Now, remember that DBSCAN is unsupervised learning. So, we don’t provide the labels i.e., the ground truth at the beginning. We let our algorithm find those labels on its own. We need some other libraries like
pandas, matplotlib, and NumPy.
Moving on with visualization you can see that we have got three clusters here. Now our DBSCAN algorithm will try to find the labels on its own.

Python Code:

DBSCAN algorithm is really simple to implement in python using scikit-learn. The class name is DBSCAN. We need to create an object out of it. The object here I created is clustering. We need to input the two most
important parameters that I have discussed in the conceptual portion. The first one epsilon eps and the second one is z or min_samples. Now I have given epsilon as 1 and min_samples as 5. We are just getting the labels of the clusters in the next step.

from sklearn.cluster import DBSCAN
clustering = DBSCAN(eps = 1, min_samples = 5).fit(X)
cluster = clustering.labels_

To see how many clusters has it found on the dataset, we can just convert this array into a set and we can print the length of the set. Now you can see that it is 4.

len(set(cluster))

But what happened?

We saw that our dataset contains three clusters.

The first cluster that is the -1 level represents the noise in this DBSCAN. You can see we just visualize our clusters by this simple piece of code then we will find something like this.

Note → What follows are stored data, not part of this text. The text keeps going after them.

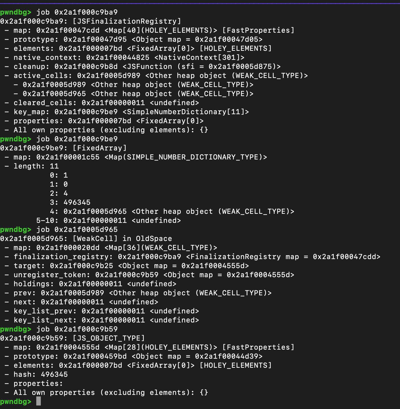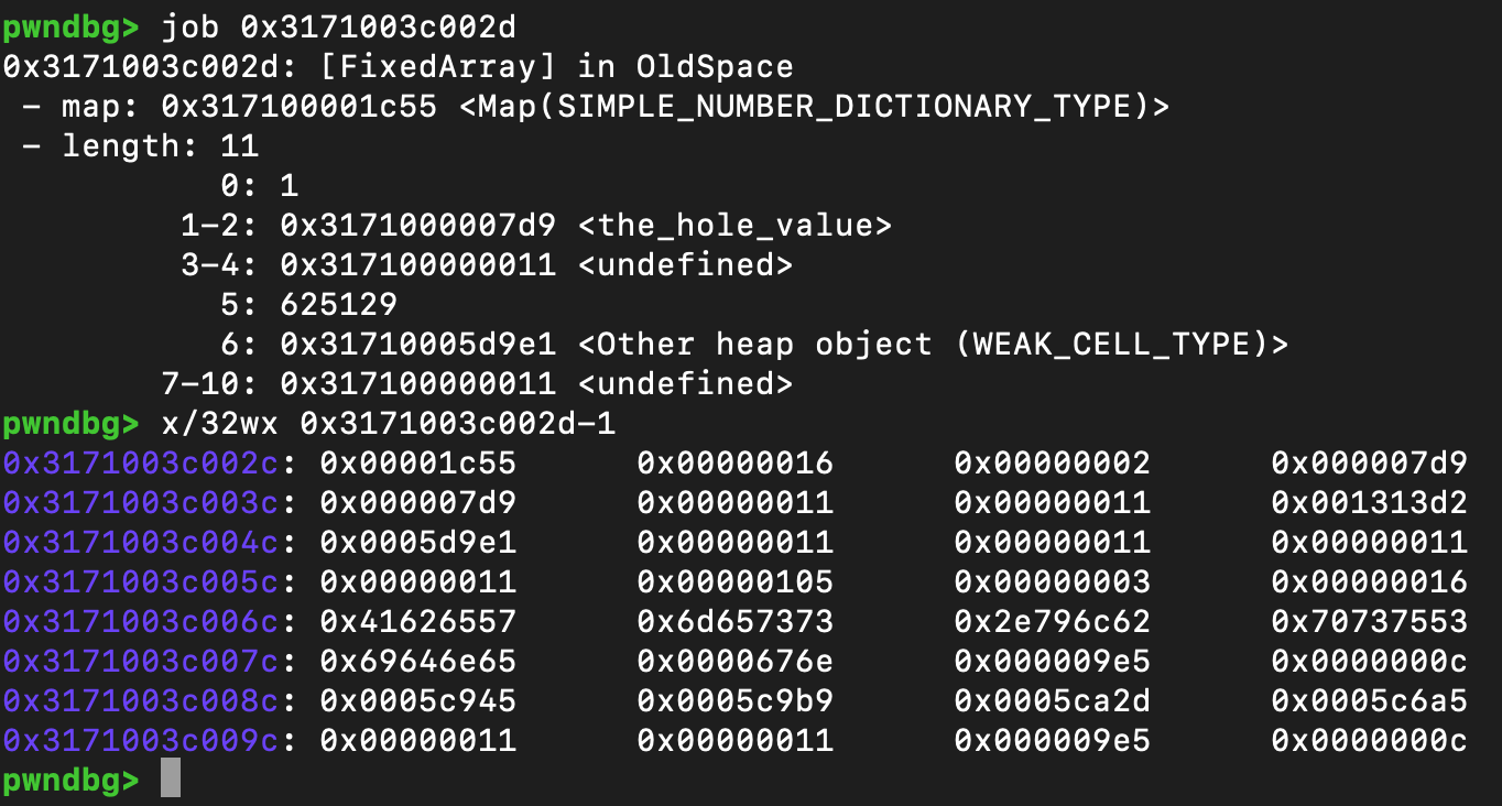 - 由于oob_arr存在0x100项,通过register的方法可以将i+0x1c位置写为一个WeakCell对象的值,如果落在了oob_arr的element里,那么可以通过遍历发现,接着通过i来反推出oob_arr的element地址
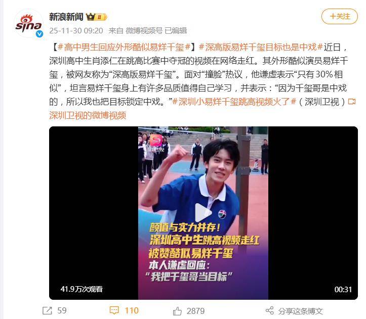 据11月30日报道,近日,一段深圳高中生在跳高比赛中夺冠的视频意外引爆网络。不过,让肖添仁真正出圈的并非那1.78米的背越式成绩,而是他眉眼间酷似顶流明星易烊千玺的外形。“深高版易烊千玺”的标签迅速发酵,连他自己都没想到,一场体育赛事竟演变成全网“撞脸”狂欢。
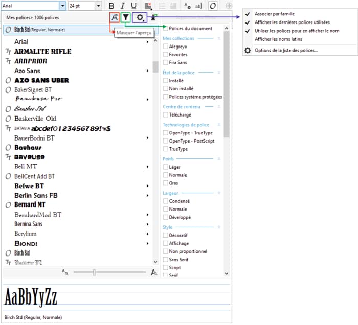 Sur un système, il est possible d'avoir quelques polices installées et des milliers d'autres non installées. Les catégories de filtres de polices disponibles sont les suivants : État de la police, Centre de contenu, Poids, Largeur, OpenType etc. Plus de 50 filtres catégorisés sont disponibles pour gérer les polices à afficher et utiliser.

def show_clusters(X, cluster):
  df = DataFrame(dict(x=X[:,0], y=X[:,1], label=cluster))
  colors = {-1: 'red', 0: 'blue', 1:'orange', 2:'green', 3:'yellow'}
  fig, ax = plt.subplots(figsize=(8,8))
  grouped = df.groupby('label')
  for key, group in grouped:
    group.plot(ax=ax, kind='scatter', x='x', y='y', label=key, color=colors[key])
  plt.xlabel('x_1')
  plt.ylabel('x_2')
  plt.show()